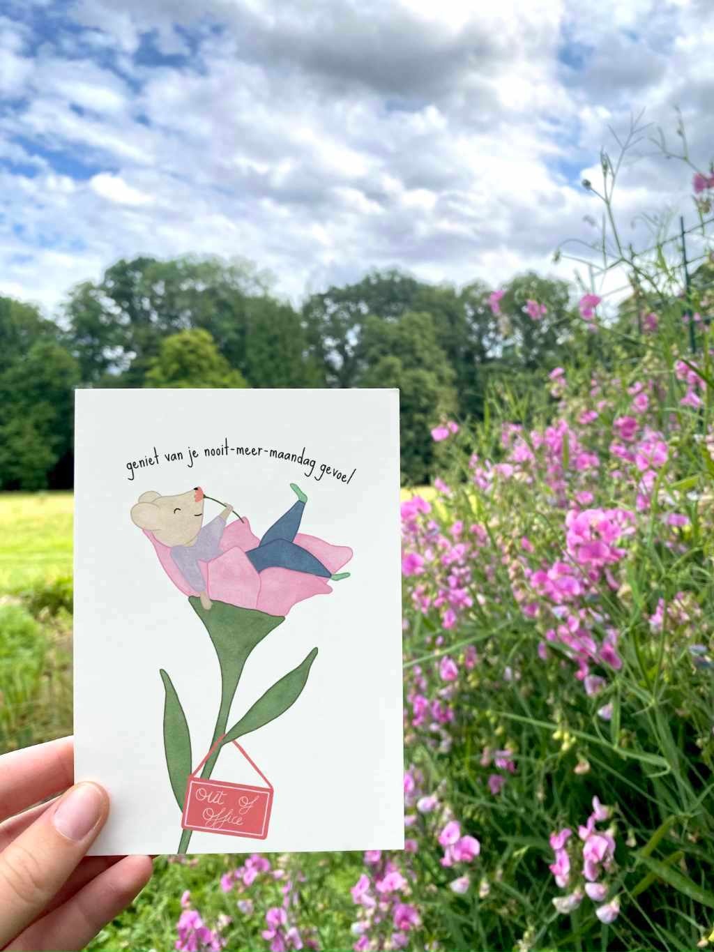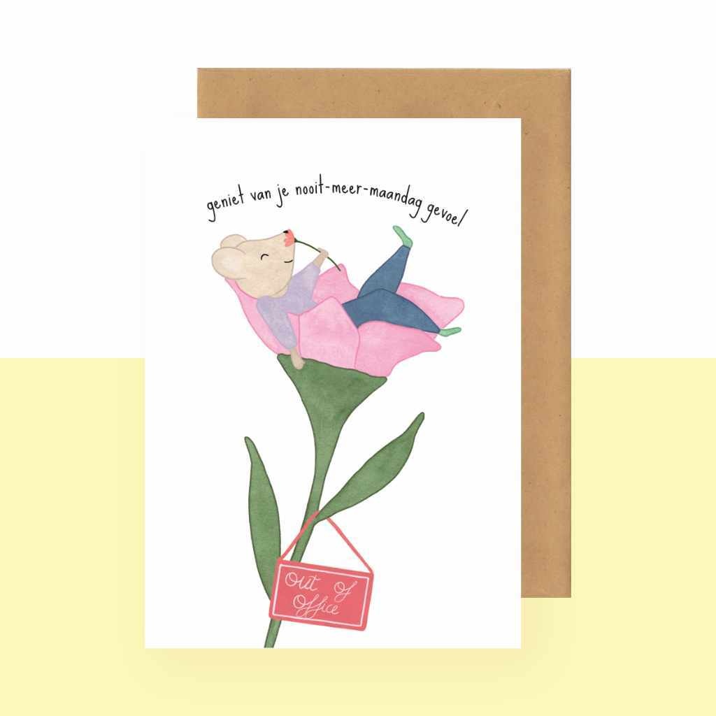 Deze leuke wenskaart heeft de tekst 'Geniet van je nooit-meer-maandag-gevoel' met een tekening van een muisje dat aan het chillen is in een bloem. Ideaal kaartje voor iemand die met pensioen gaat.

* * *

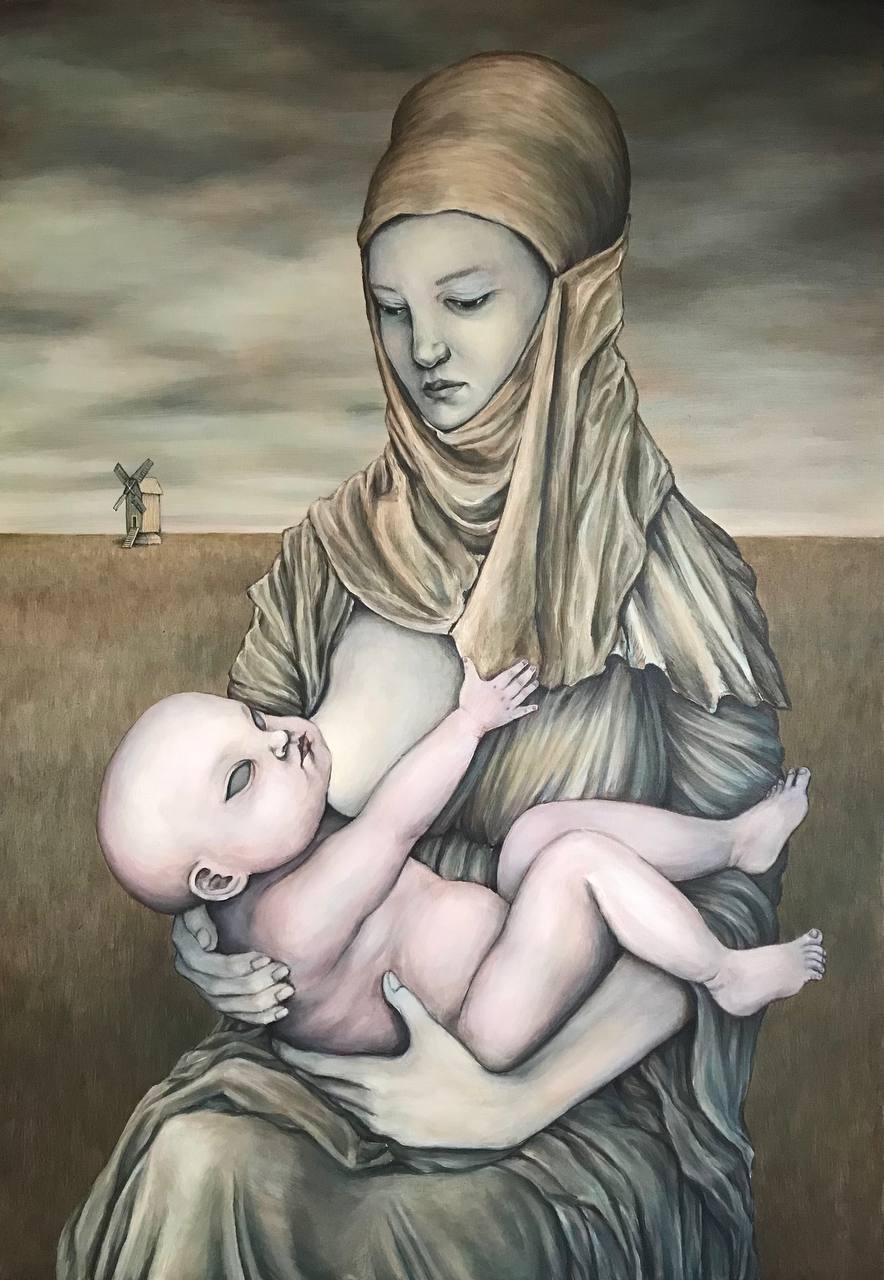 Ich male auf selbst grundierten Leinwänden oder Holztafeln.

* * *

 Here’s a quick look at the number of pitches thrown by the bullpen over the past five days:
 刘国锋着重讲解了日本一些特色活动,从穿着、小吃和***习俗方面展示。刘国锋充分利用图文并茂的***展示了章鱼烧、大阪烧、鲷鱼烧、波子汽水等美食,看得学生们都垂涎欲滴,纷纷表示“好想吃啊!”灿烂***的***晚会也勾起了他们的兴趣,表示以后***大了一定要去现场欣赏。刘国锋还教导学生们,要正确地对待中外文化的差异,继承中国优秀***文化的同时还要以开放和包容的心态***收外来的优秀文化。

(WORK INSTRUCTION) Would you quote everything above from the line containing "Here’s a quick" down to the line containing "刘国锋着重讲解了日本一些特色"? Include both of those lines and nothing else.

(ANSWER SECTION)
 Here’s a quick look at the number of pitches thrown by the bullpen over the past five days:
 刘国锋着重讲解了日本一些特色活动,从穿着、小吃和***习俗方面展示。刘国锋充分利用图文并茂的***展示了章鱼烧、大阪烧、鲷鱼烧、波子汽水等美食,看得学生们都垂涎欲滴,纷纷表示“好想吃啊!”灿烂***的***晚会也勾起了他们的兴趣,表示以后***大了一定要去现场欣赏。刘国锋还教导学生们,要正确地对待中外文化的差异,继承中国优秀***文化的同时还要以开放和包容的心态***收外来的优秀文化。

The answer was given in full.